» **Exercise details**
The listing below should be reproduced exactly, with the pictures omitted.
── Data shown
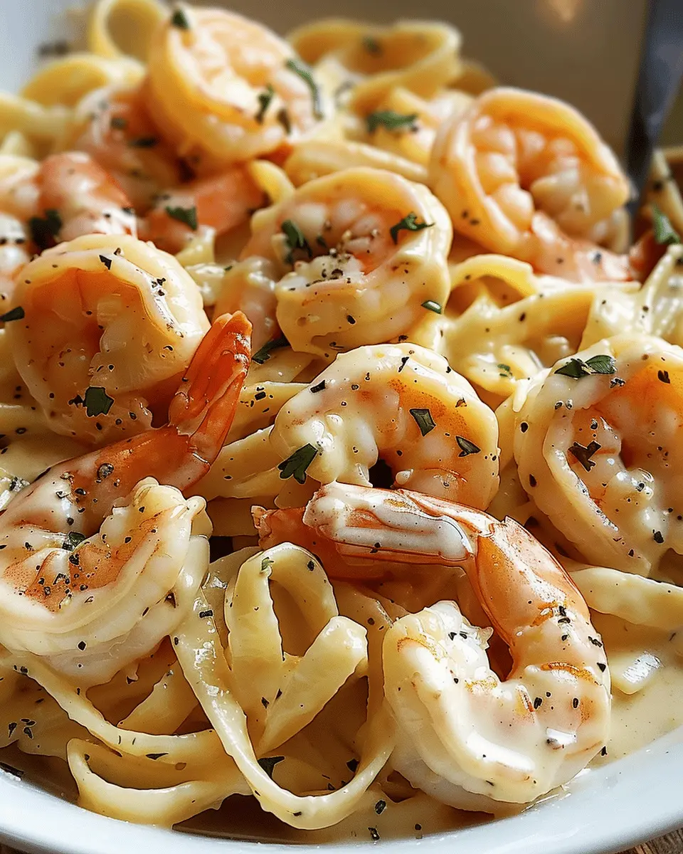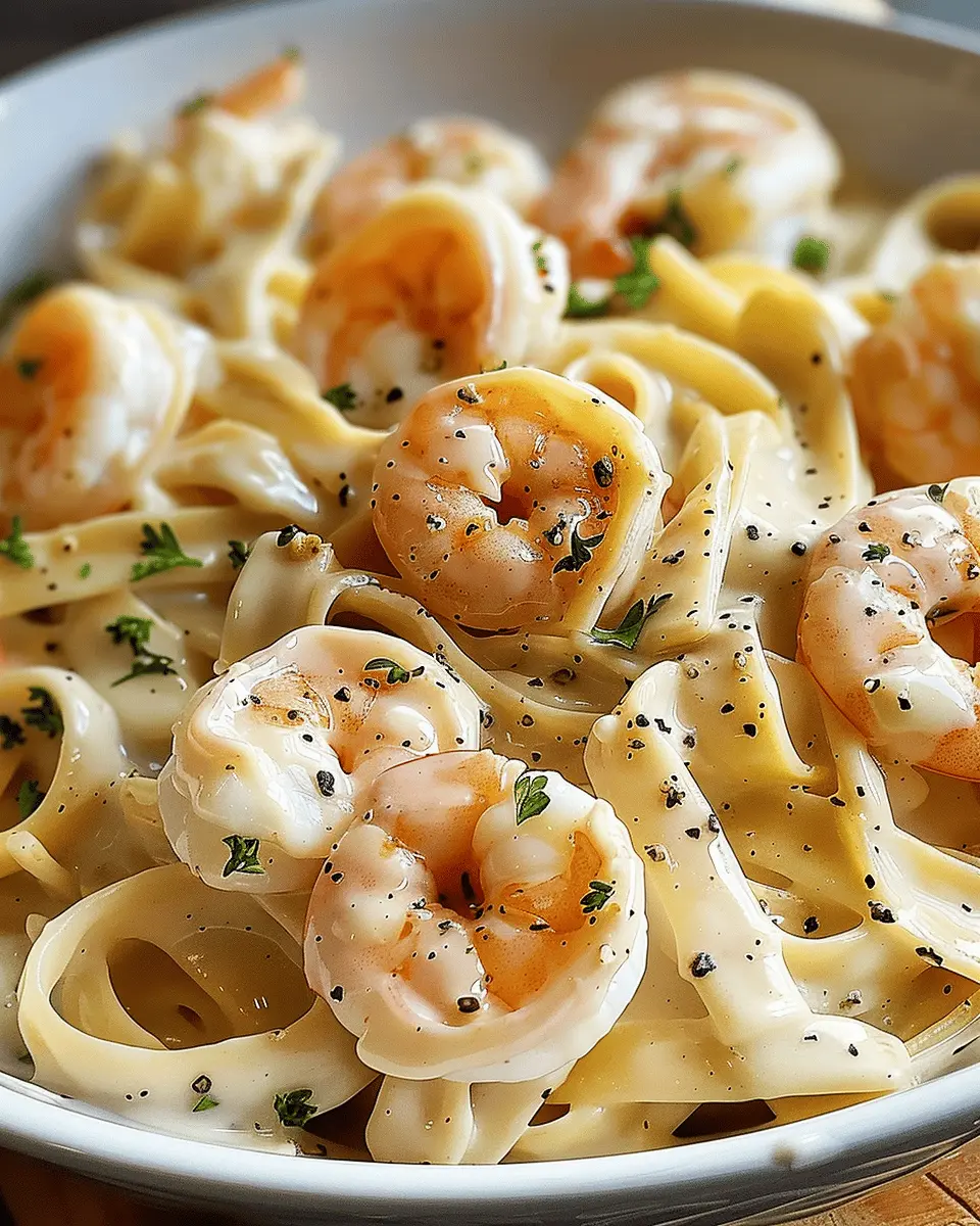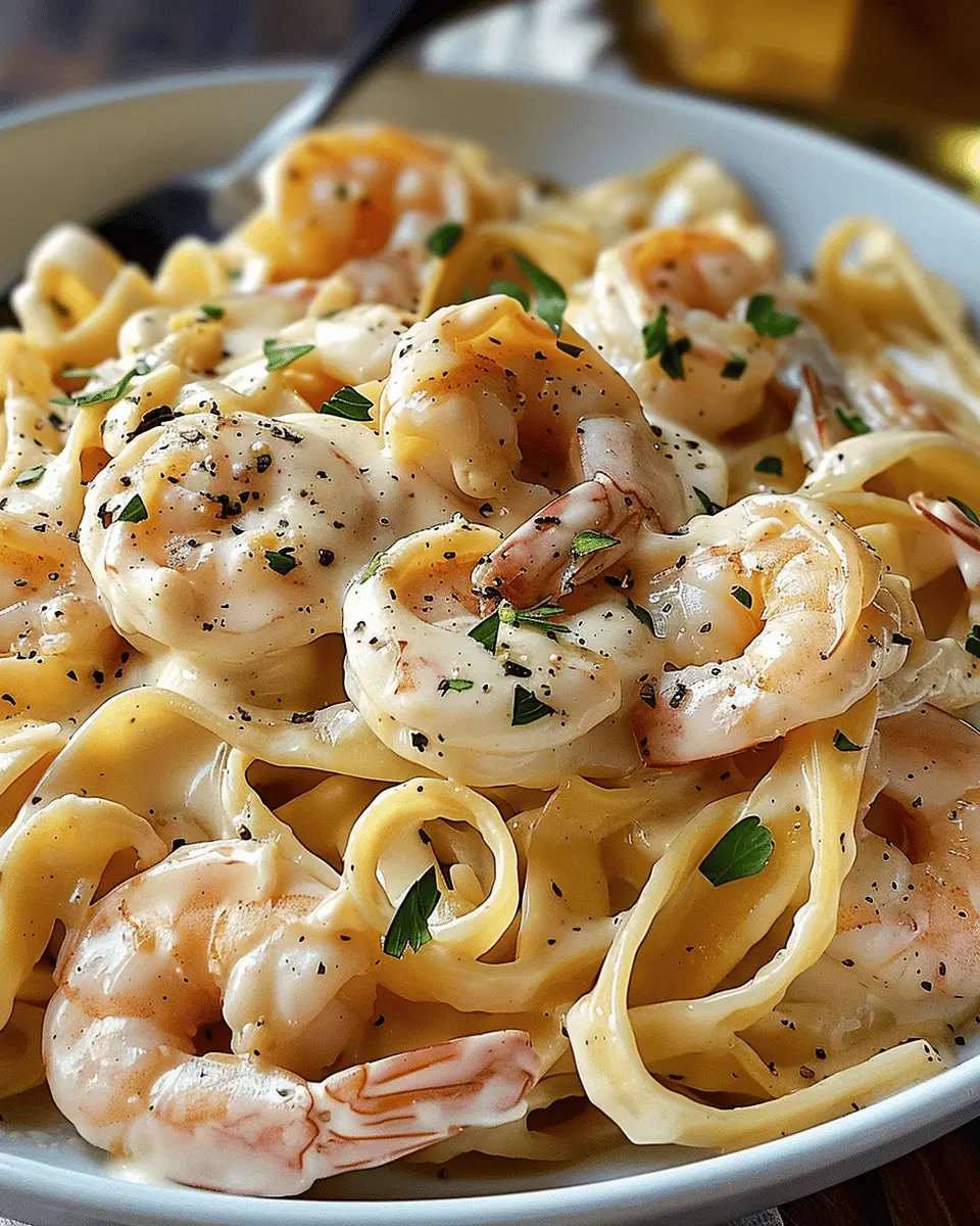A rich and creamy dish that combines tender shrimp with fettuccine pasta, all tossed in a luscious homemade Alfredo sauce.
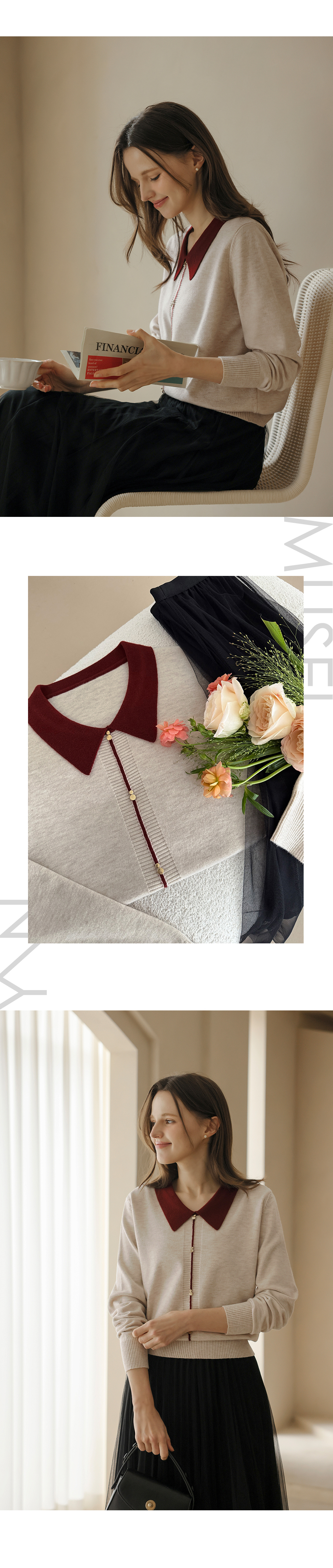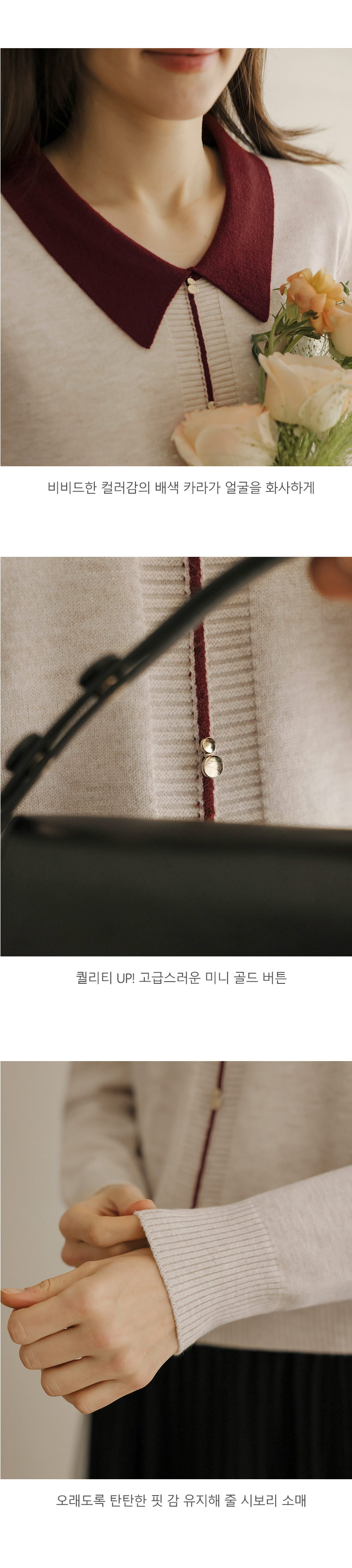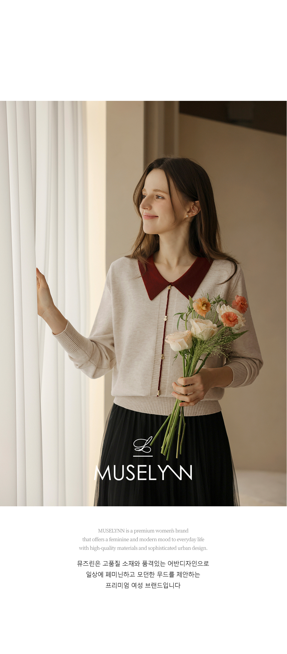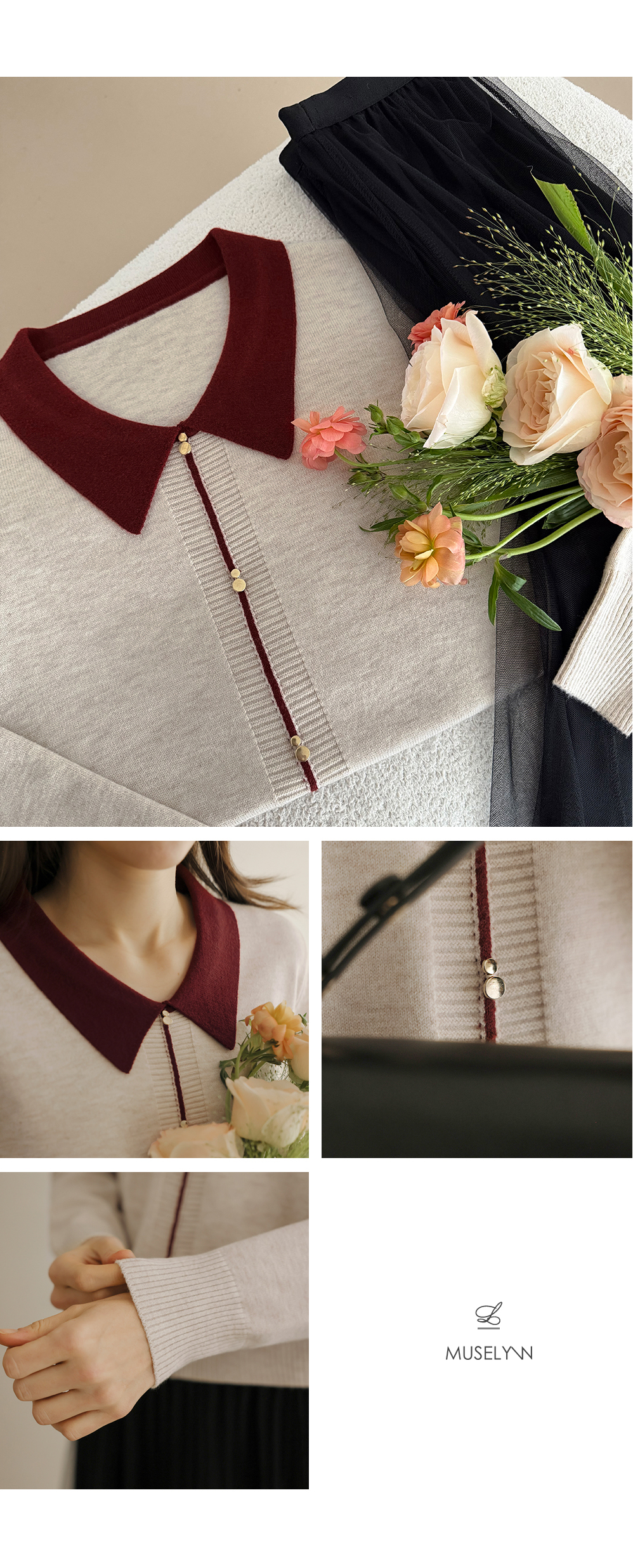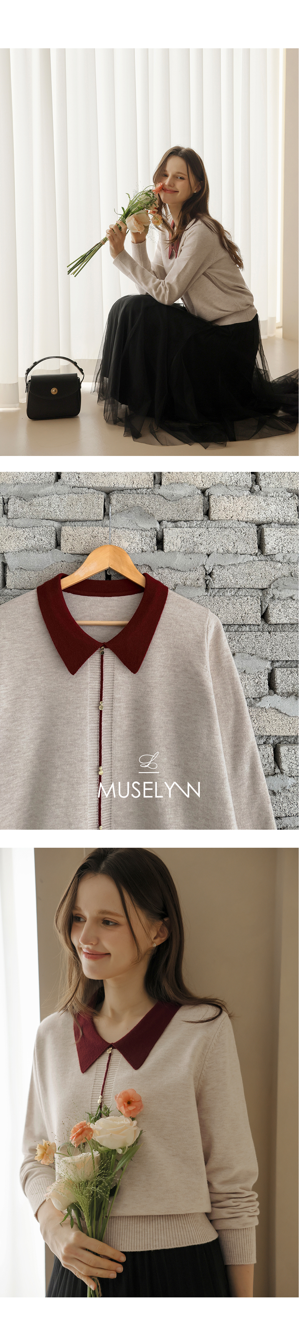 [뮤즈린] 셀리온 골드버튼 카라 배색 니트
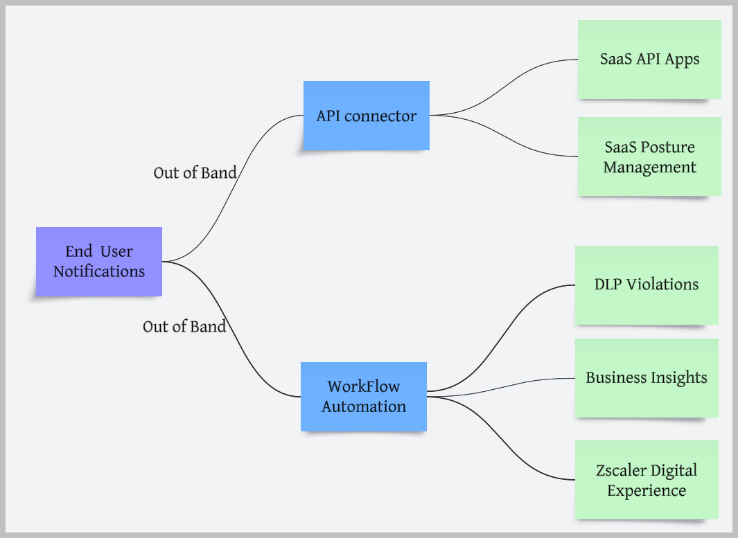 Let's review the out-of-band alerting for policy violations connected with APIs for Posture, Malware, and DLP controls. Workflow Automation is an application that enables governance admins to automate the management and resolution of Data Protection incidents, Business Insights events, and ZDX alerts within their organization.
────
» **Your response**
A rich and creamy dish that combines tender shrimp with fettuccine pasta, all tossed in a luscious homemade Alfredo sauce.
 [뮤즈린] 셀리온 골드버튼 카라 배색 니트
 Let's review the out-of-band alerting for policy violations connected with APIs for Posture, Malware, and DLP controls. Workflow Automation is an application that enables governance admins to automate the management and resolution of Data Protection incidents, Business Insights events, and ZDX alerts within their organization.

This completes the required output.